Since only the written part is wanted, repeat the records exactly and omit the pictures.

Stored items
┄┄┄┄┄┄

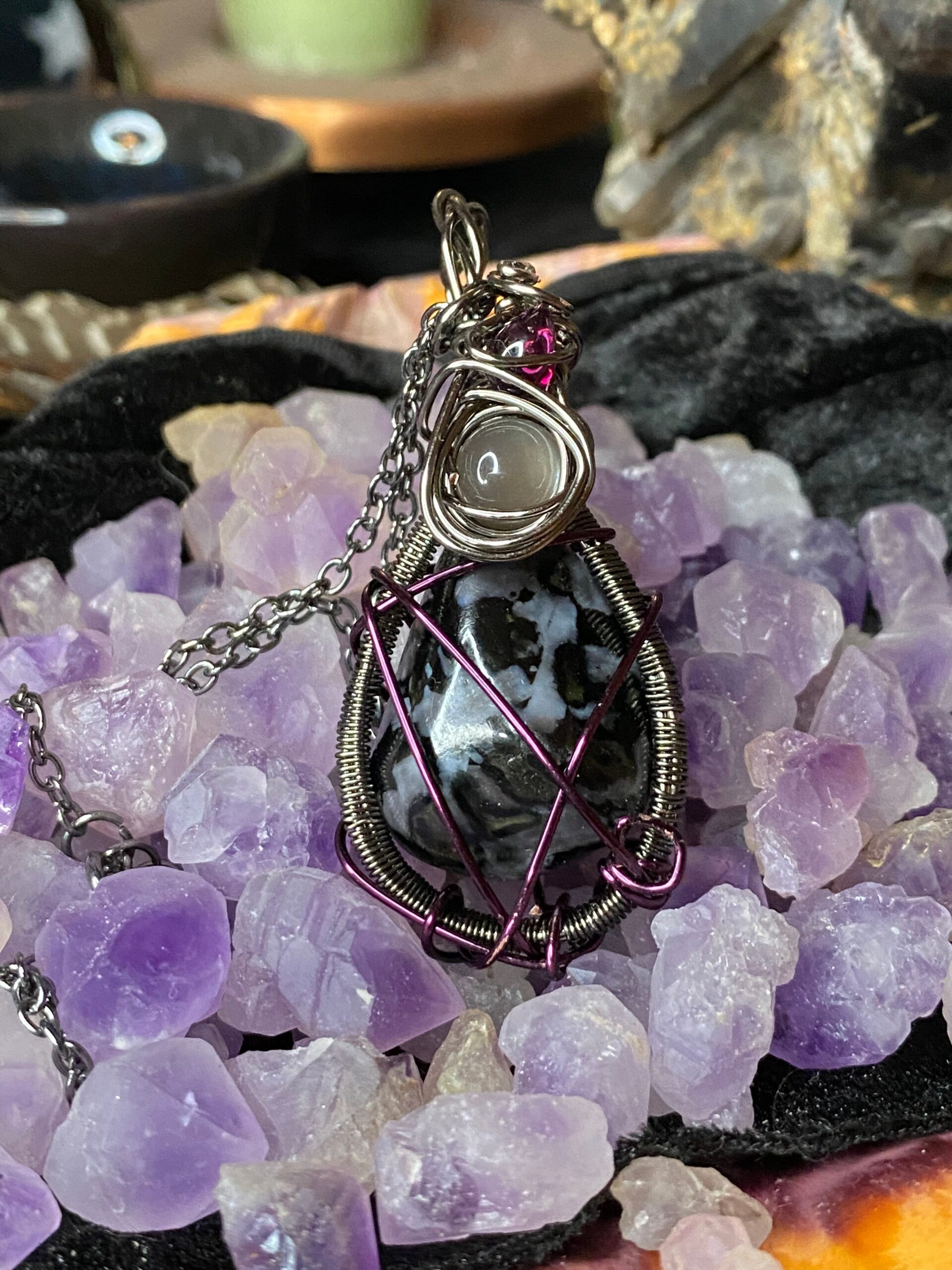 Indigo gabbro, grey moonstone and garnet wrapped in purple and gunmetal colored wire, hung on a black metal chain
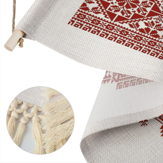 Tatreez Print Linen Tapestry with Tassel Cotton Linen Wall Hanging -
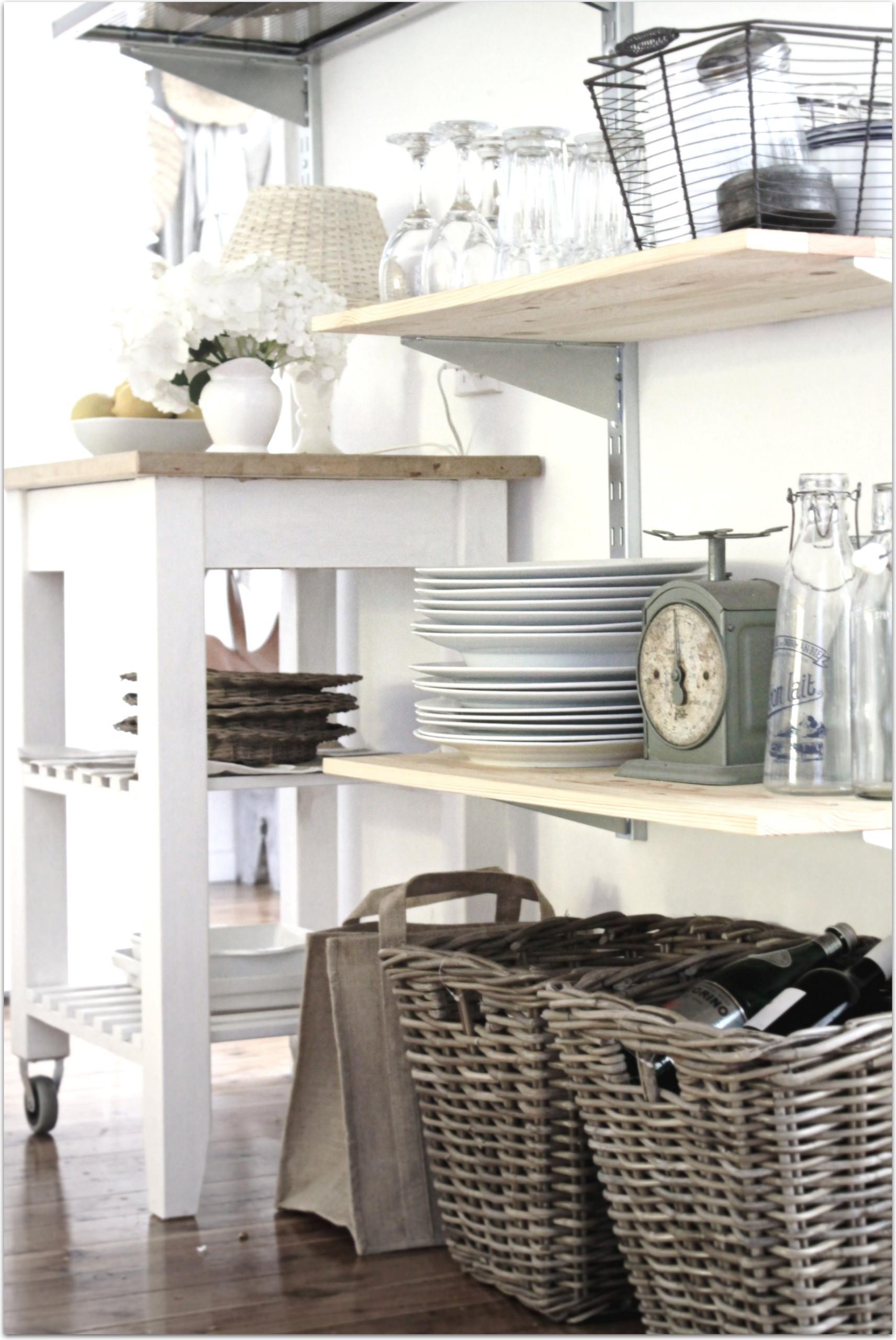 Open shelves are a great way to show off kitchenware, especially if the pieces are beautiful like these vintage scales and glass bottles. Cane baskets help keep clutter to a minimum, and store unsightly items while adding to the Hamptons vibe.
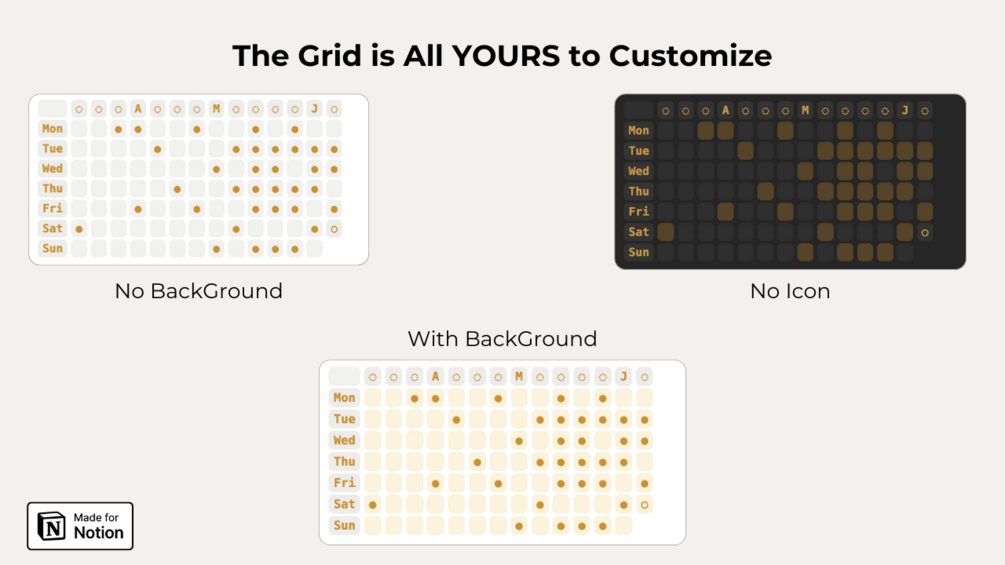- Customizable Habit Grids - Select from various colors, icons, and settings
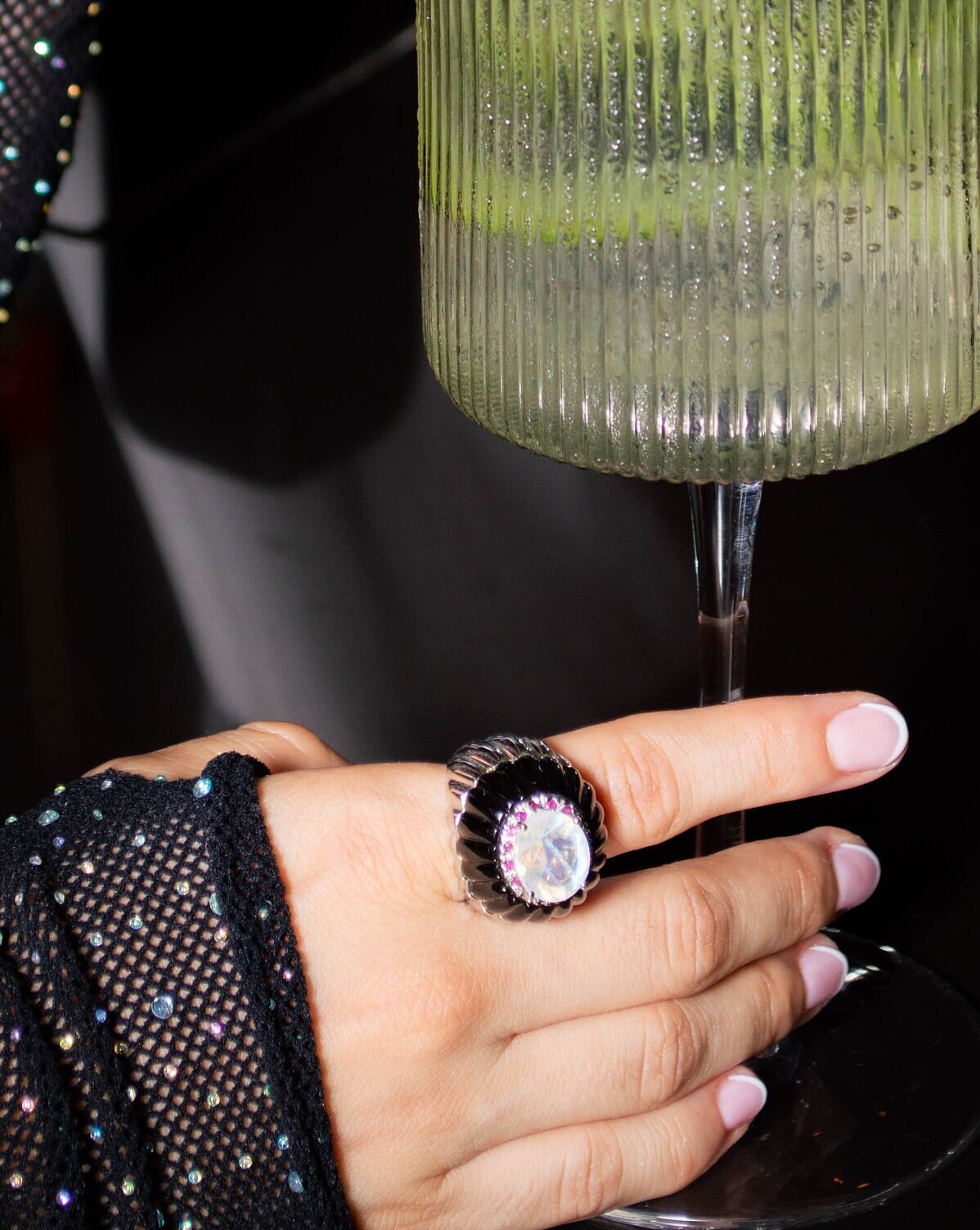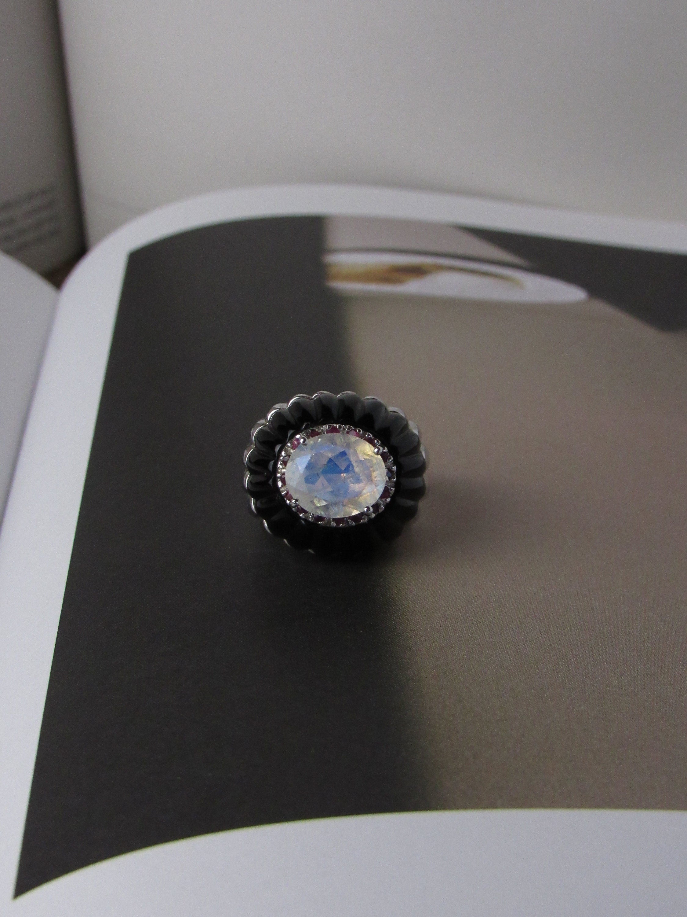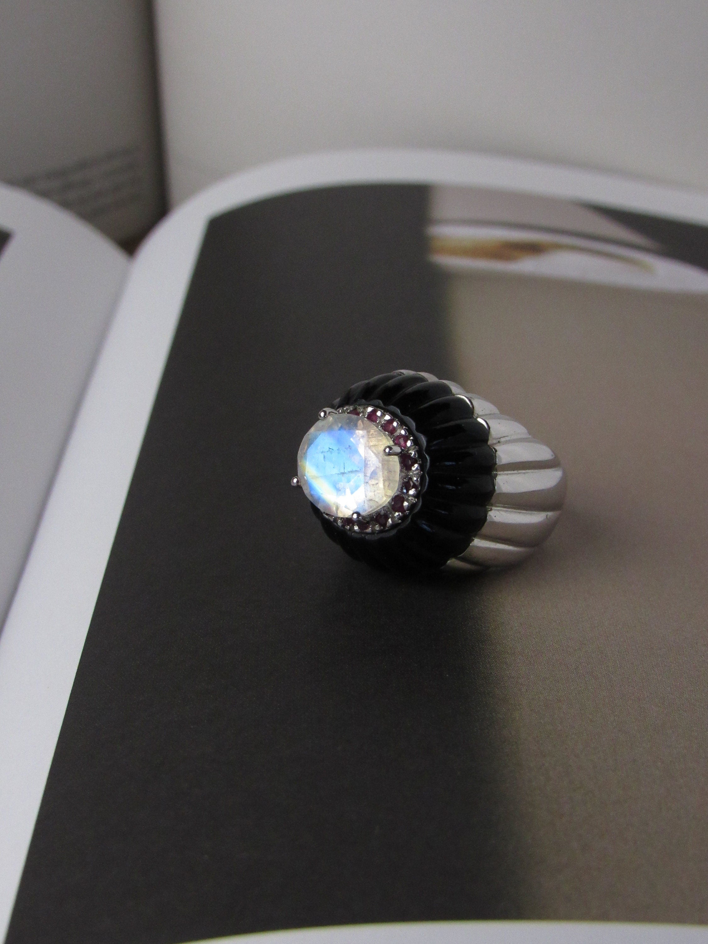 This breathtaking statement ring showcases a majestic Piatra Dura Deco design Blue Sheen Moonstone and round-cut rubies, all perfectly surrounded by a curvaceous dome of black onyx.

┄┄┄┄┄┄

Exercise output:
 Indigo gabbro, grey moonstone and garnet wrapped in purple and gunmetal colored wire, hung on a black metal chain
 Tatreez Print Linen Tapestry with Tassel Cotton Linen Wall Hanging -
 Open shelves are a great way to show off kitchenware, especially if the pieces are beautiful like these vintage scales and glass bottles. Cane baskets help keep clutter to a minimum, and store unsightly items while adding to the Hamptons vibe.
- Customizable Habit Grids - Select from various colors, icons, and settings
 This breathtaking statement ring showcases a majestic Piatra Dura Deco design Blue Sheen Moonstone and round-cut rubies, all perfectly surrounded by a curvaceous dome of black onyx.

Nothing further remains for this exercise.